• [What to work on]: Copy out the full listing below as it stands, with its pictures left behind.

** Opening Records for this task block **

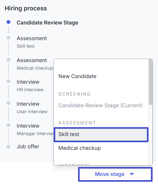 Then click “Move stage” and select one of the assessments you want to send under the Assessment section.
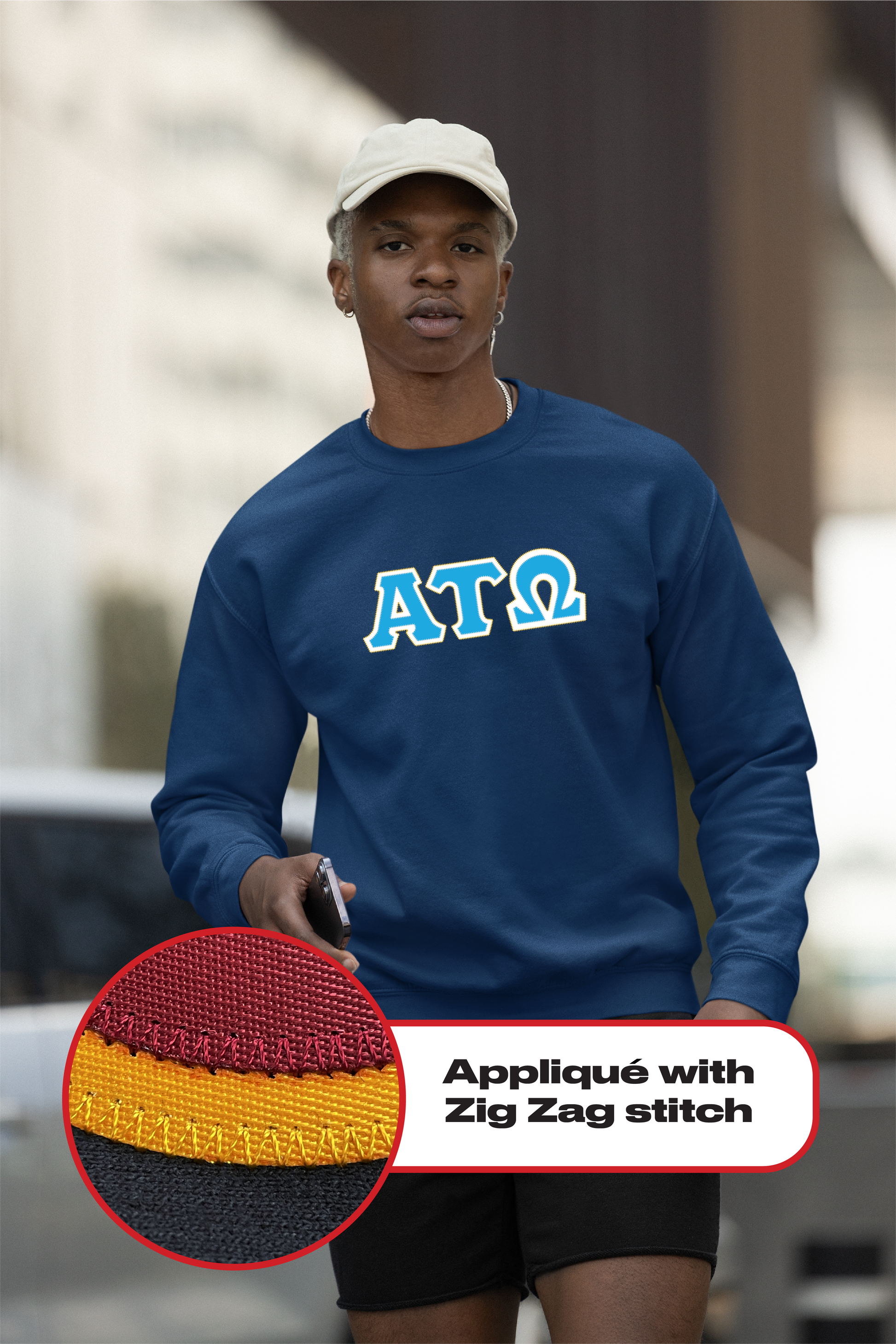 Alpha Tau Omega crewneck sweatshirt letters // Alpha Tau Omega zig-zag embroidered crewneck letters
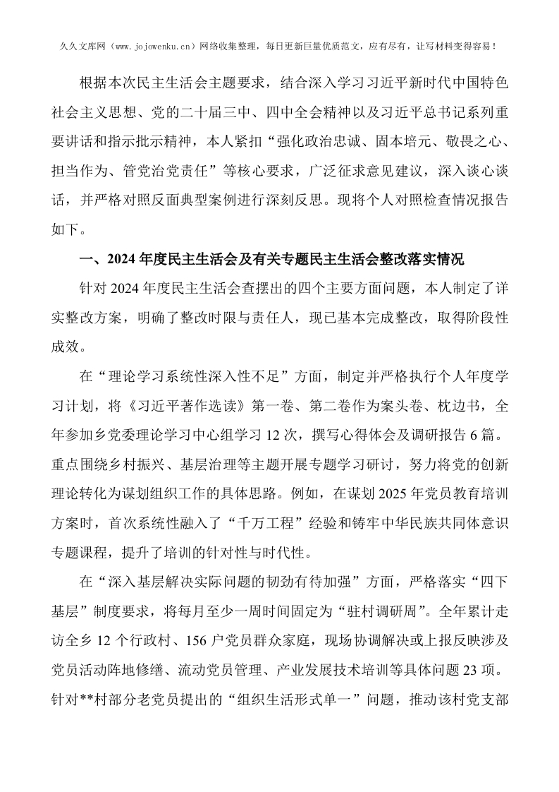乡党委组织委员2025年度民主生活会个人对照检查材料
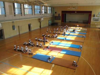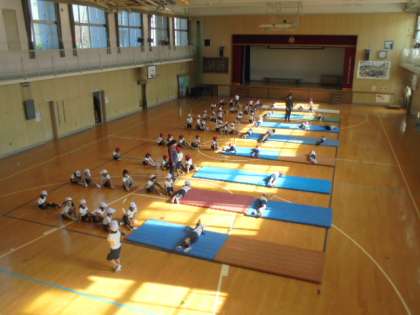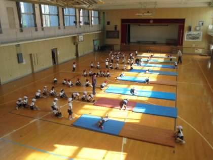 体育館で、マットの上をコロコロ。気持ちよさそうです。
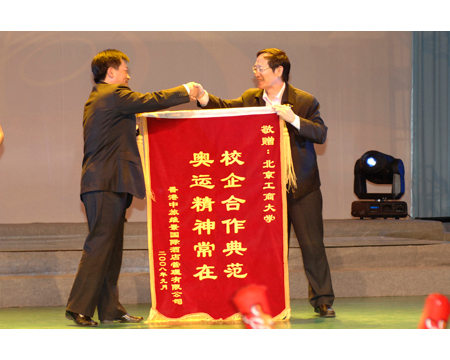 譚向勇校長(zhǎng)接受港中旅北方區(qū)副總王樹(shù)森贈(zèng)送的錦旗
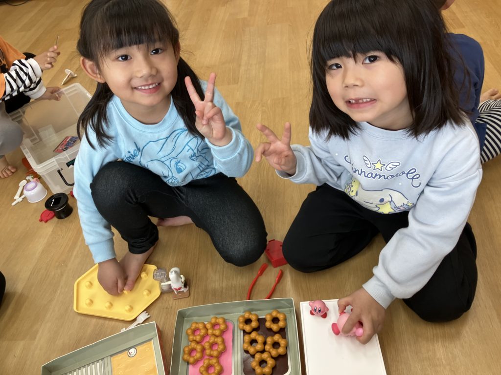正課体育までの間、お部屋で仲良くカルタやおままごとをしたりして遊びました🍩

** Closing Records for this task block **

• [Solution]:
 Then click “Move stage” and select one of the assessments you want to send under the Assessment section.
 Alpha Tau Omega crewneck sweatshirt letters // Alpha Tau Omega zig-zag embroidered crewneck letters
乡党委组织委员2025年度民主生活会个人对照检查材料
 体育館で、マットの上をコロコロ。気持ちよさそうです。
 譚向勇校長(zhǎng)接受港中旅北方區(qū)副總王樹(shù)森贈(zèng)送的錦旗
正課体育までの間、お部屋で仲良くカルタやおままごとをしたりして遊びました🍩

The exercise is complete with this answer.